Emma correva. Aveva la fronte madida di sudore e i vestiti fradici appiccicati alla pelle, i piedi nudi e sanguinanti, i muscoli a pezzi. Eppure correva. Correva, attraverso quella foresta irta di rovi che le graffiavano le piante dei piedi e le braccia nude.
Stava scappando. Da cosa, non lo sapeva neanche lei di preciso; ma doveva essere qualcosa di brutto, perché nulla di bello avrebbe mai potuto spaventarla in quella maniera. Si sentiva le viscere aggrovigliate come serpi e le pareti della gola graffiate, come se avesse urlato; e sentiva la sua voce.
-Emma...-.
Era una donna, almeno questo lo aveva capito. Ma non aveva idea di chi fosse, né del perché la stesse inseguendo. La sua voce suadente e sottile sembrava un tutt'uno col sussurro del vento, nient'altro che un sibilo nel caos di un mondo irreale e caotico.
-Emma!-.
Eppure c'era qualcosa, in quella voce, che le faceva venir voglia di fermarsi ad ascoltarla. Una parte di lei che le diceva che una voce dal suono così bello e dolce non poteva appartenere ad un essere malvagio.

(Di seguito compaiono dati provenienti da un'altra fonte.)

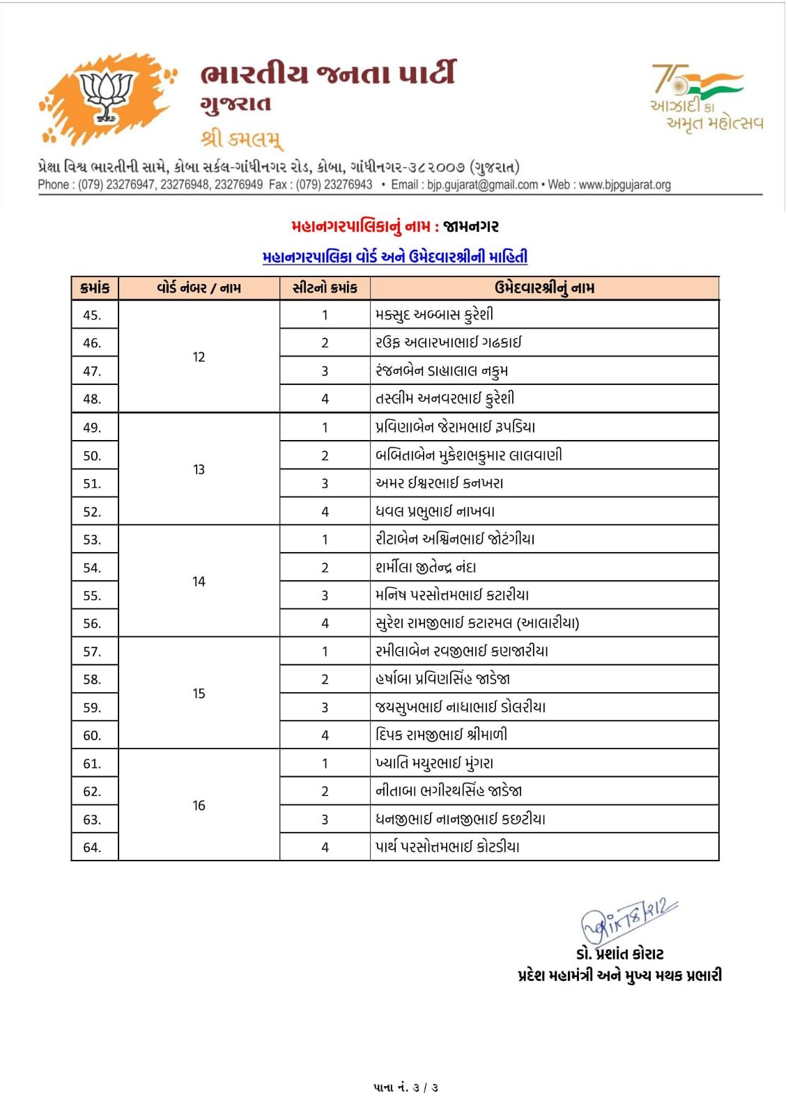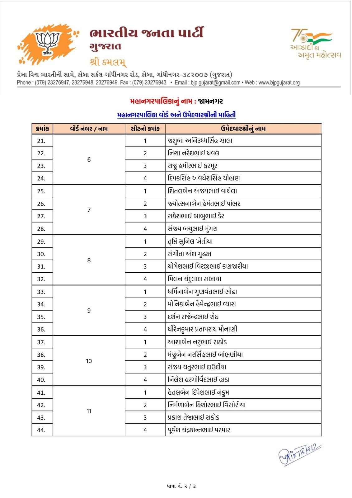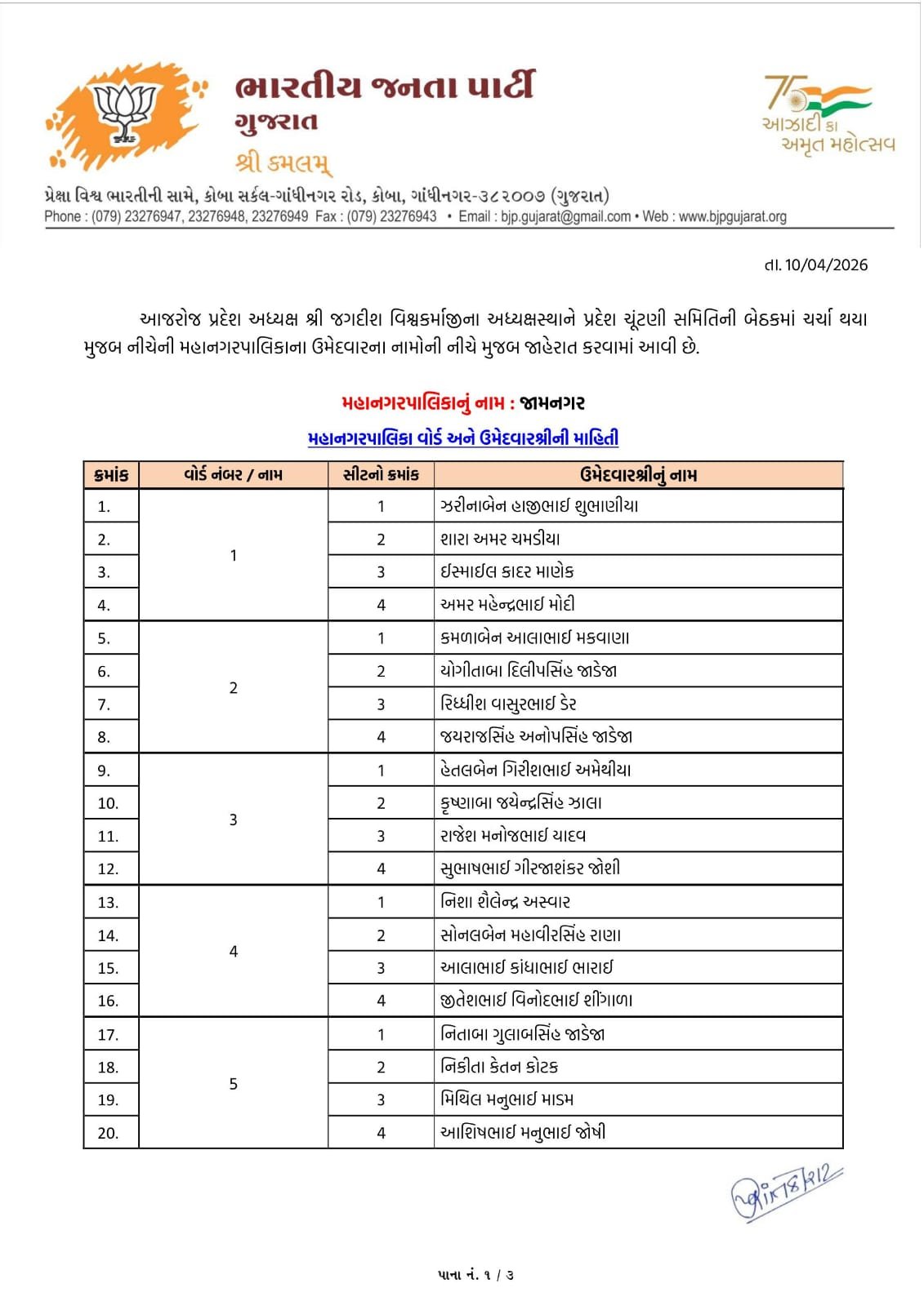 Jamnagar જામનગરમાં ભાજપે કોર્પોરેશન માટે ઉમેદવારોના નામની યાદી જાહેર કરી By Desh Devi News - April 10, 2026 0 254405 WhatsAppFacebookTelegramTwitterPrintPinterestLinkedinReddIt જામનગરમાં ભાજપે કોર્પોરેશન માટે ઉમેદવારોના નામની યાદી જાહેર કરી
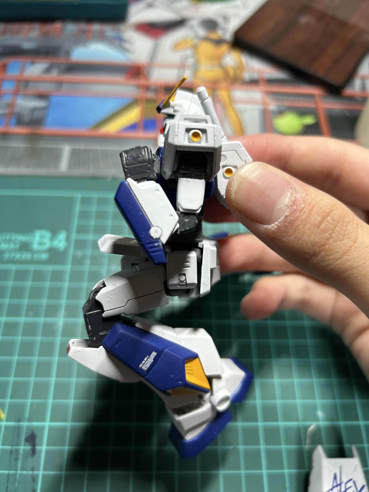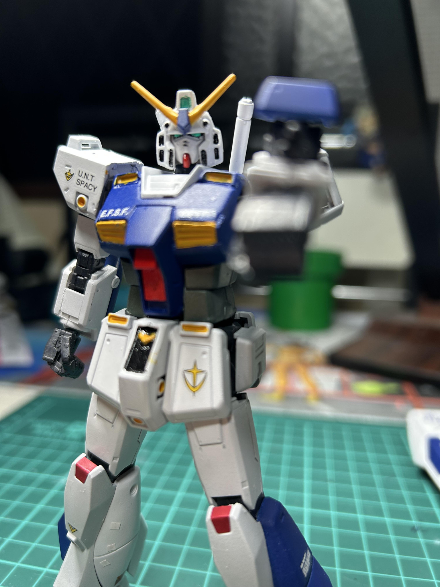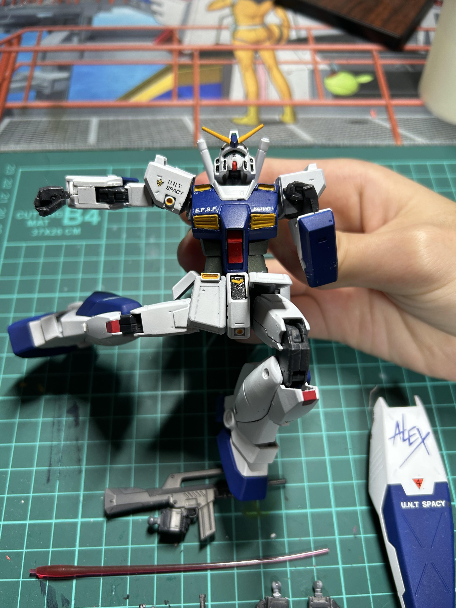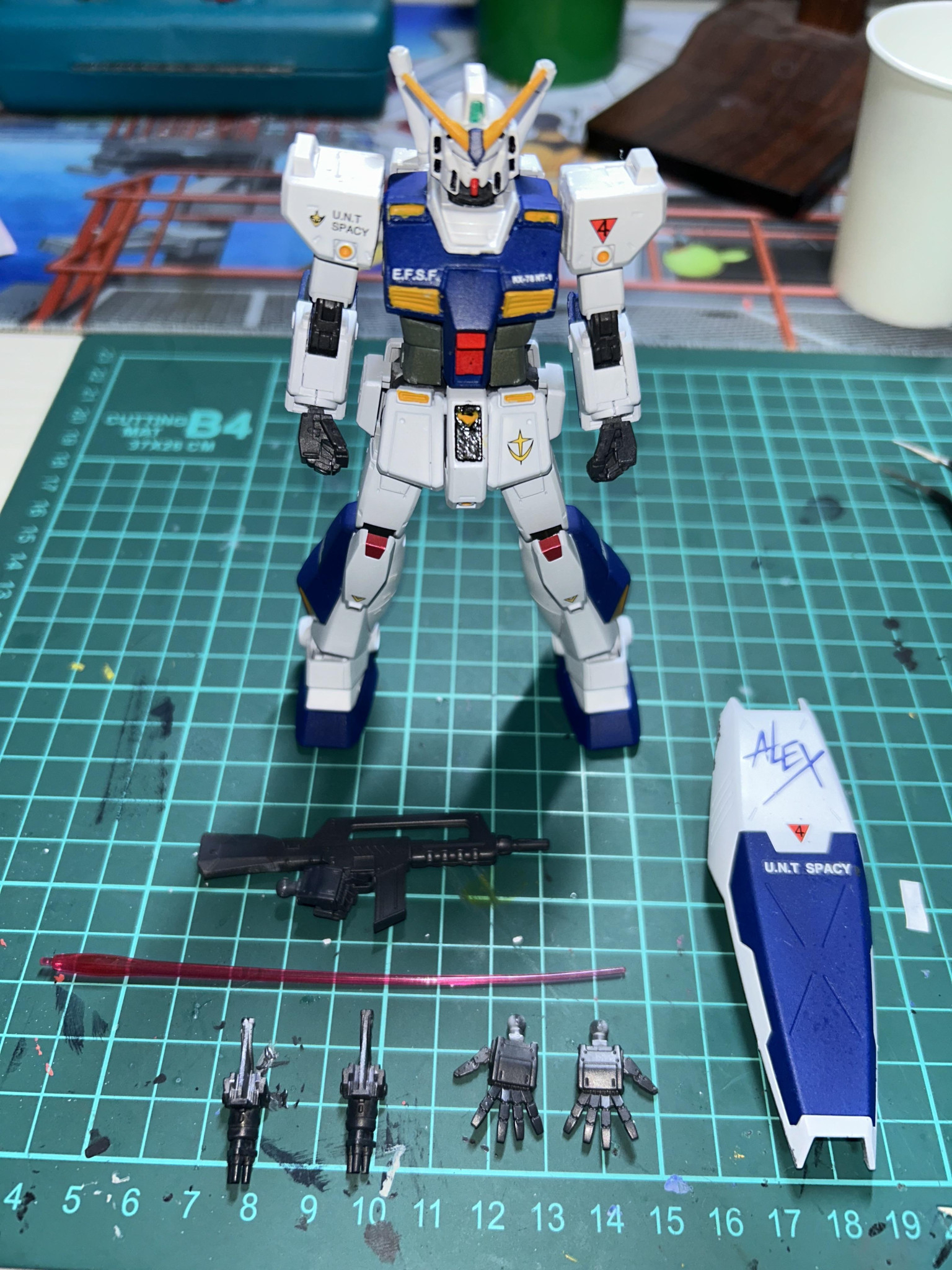 写真がなくて申し訳ないんですが、ランドセルはアレックスのランドセルのピンを切り飛ばして、そこにオリジンガンダムのランドセルの接続軸のあるパーツを薄く削ってつけてます。
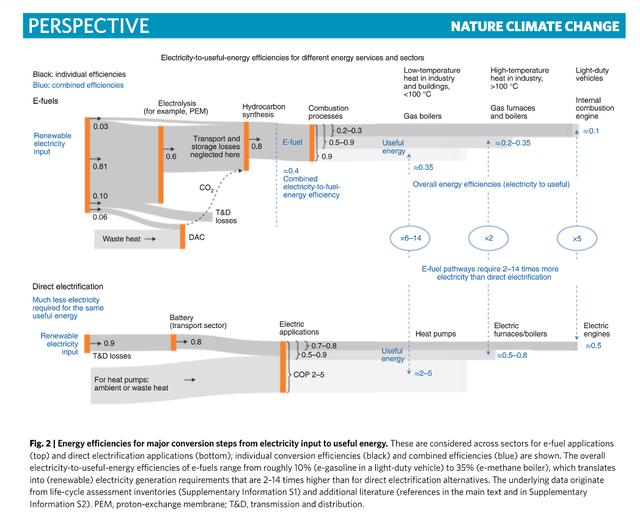 波茨坦氣候影響研究所(PIK)的研究人員在《自然·氣候變化》(Nature Climate Change)上撰文指出,氫基燃料主要用于航空或工業過程等不容易電氣化的領域。但是,生產這些燃料的效率太低、成本太高,而且它們的可用性也太不確定,無法廣泛取代化石燃料,例如用于汽車或供暖。對大多數行業來說,直接用電,比如電池驅動的電動汽車或熱泵,更經濟。對氫燃料的依賴導致對化石燃料和溫室氣體排放的進一步依賴。
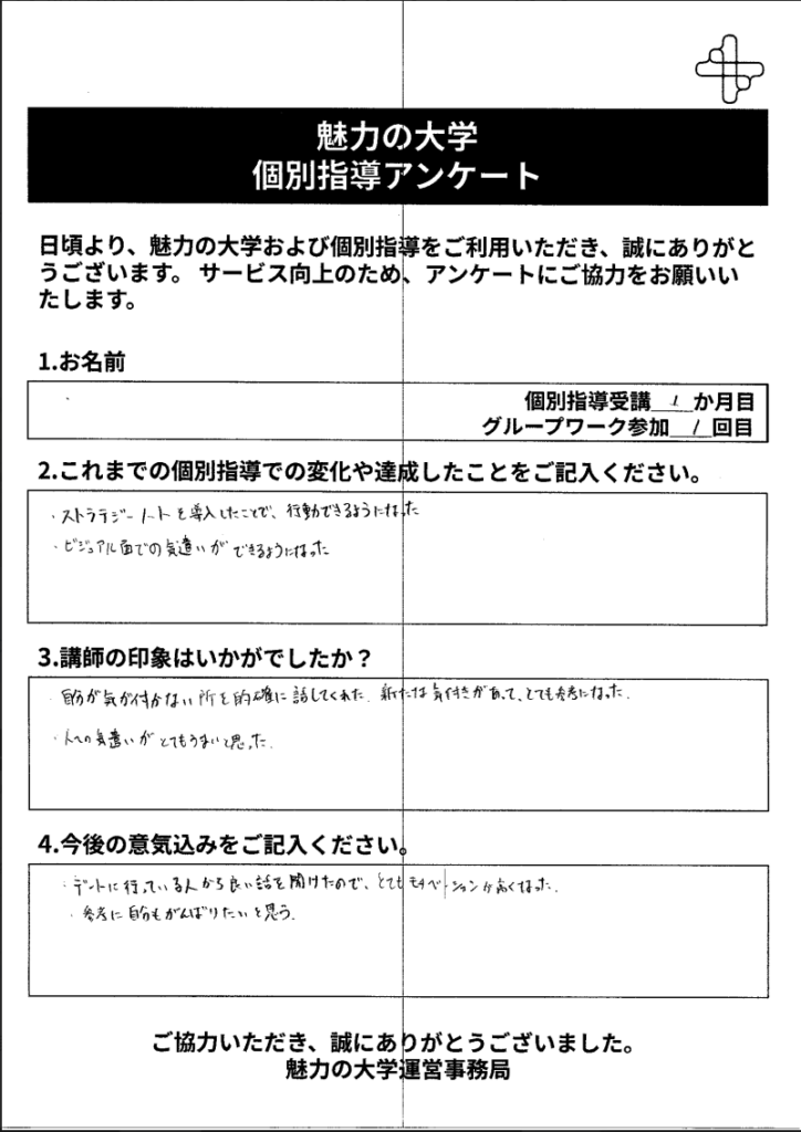 「魅力の大学」個別指導コース受講生のみが参加できるグループワークは、
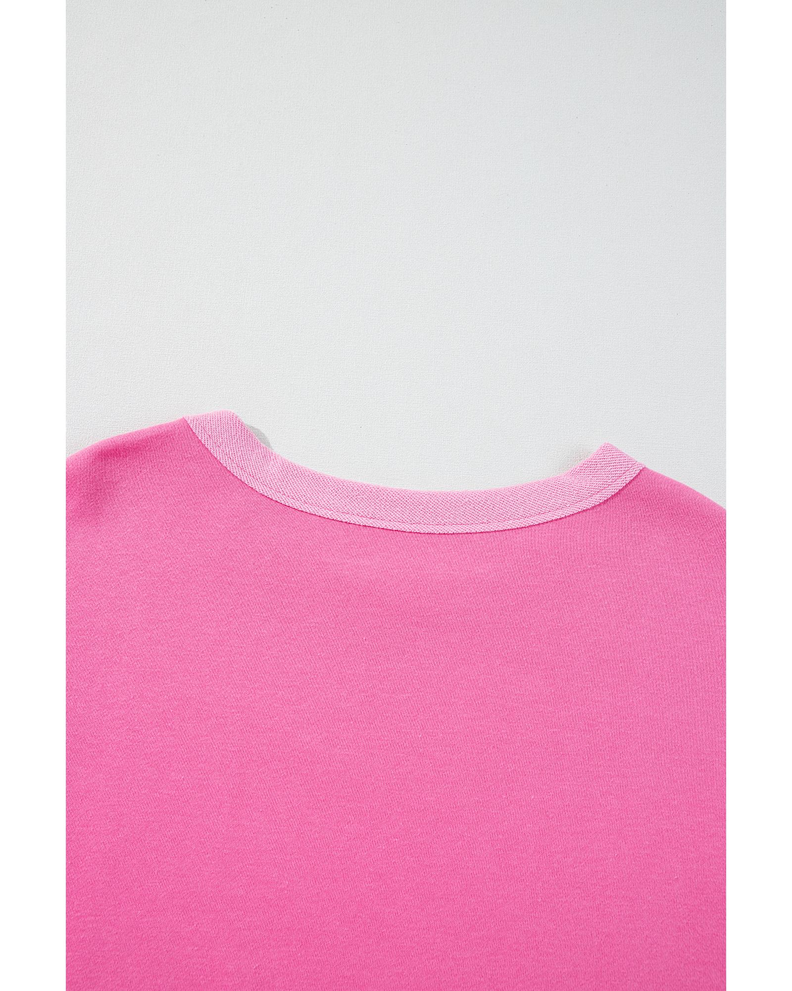 - Sachet Pink High Low Patchwork Long Sleeve Top and Shorts Set
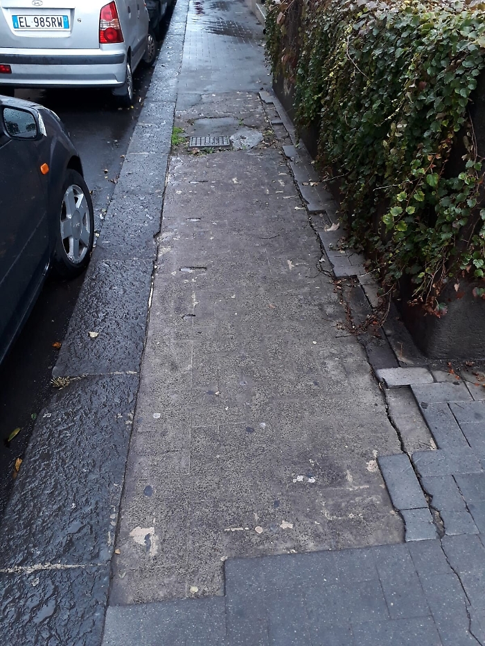 Vorrei segnalare un marciapiede divelto in via Roccaromana, più volte mi è capitato di assistere alla caduta di persone anziane in quanto il suddetto marciapiede è privo di mattonelle e presenta anche una botola in ghisa rialzata che è la causa principale delle cadute; inoltre sempre li davanti vi è una scaletta non illuminata bene dall'illuminazione pubblica...si presenta molto buia e purtroppo nn è sicura per i residenti della zona, molte volte viene utilizzata per disfarsi di portafogli che vengono scippati ai passanti o da persone che utilizzano quella scala buia per i loro bisogni fisici. Spero che tramite la Vs pubblicazione si riesca a fare aggiungere un Lampione in più ed a fare ripristinare anche il marciapiede, e perché no anche una bella disinfestazione con lavaggio della scala visto che da anni via Castromarino, Piazza Fusinato e via G. Torti, scaletta inclusa, non conoscono una disinfestazione ed un lavaggio delle vie sopra citate.

Ma il resto del suo corpo le urlava di scappare. E lo stava facendo.
Emma corse ancora, pregando le proprie gambe di non abbandonarla proprio in quel momento, quando era così vicina alla libertà... Ma cos'era la libertà? Tornare in quella casa troppo piccola e troppo stretta persino per lei, prigioniera della propria solitudine? Sentire il bisogno d'amore trapanarle ogni parte del corpo, ma non riuscire mai neanche a desiderare un ragazzo? E distogliere lo sguardo ogni volta che ne scopriva uno a guardarla di soppiatto, con lo stesso sguardo vorace e bramoso di sempre? Cos'era la libertà? Alzare la cornetta del telefono per sentire la voce di sua madre ferirla nel profondo, con le sue frecciatine sulla sua deplorevole mancanza di marito, nonostante la sua età?
Forse sarebbe stato meglio fermarsi e lasciarsi rapire da quella voce, in quella foresta, e sparire per sempre dal mondo che aveva imparato a conoscere.
Lei era sbagliata. Avrebbe fatto meglio a sparire.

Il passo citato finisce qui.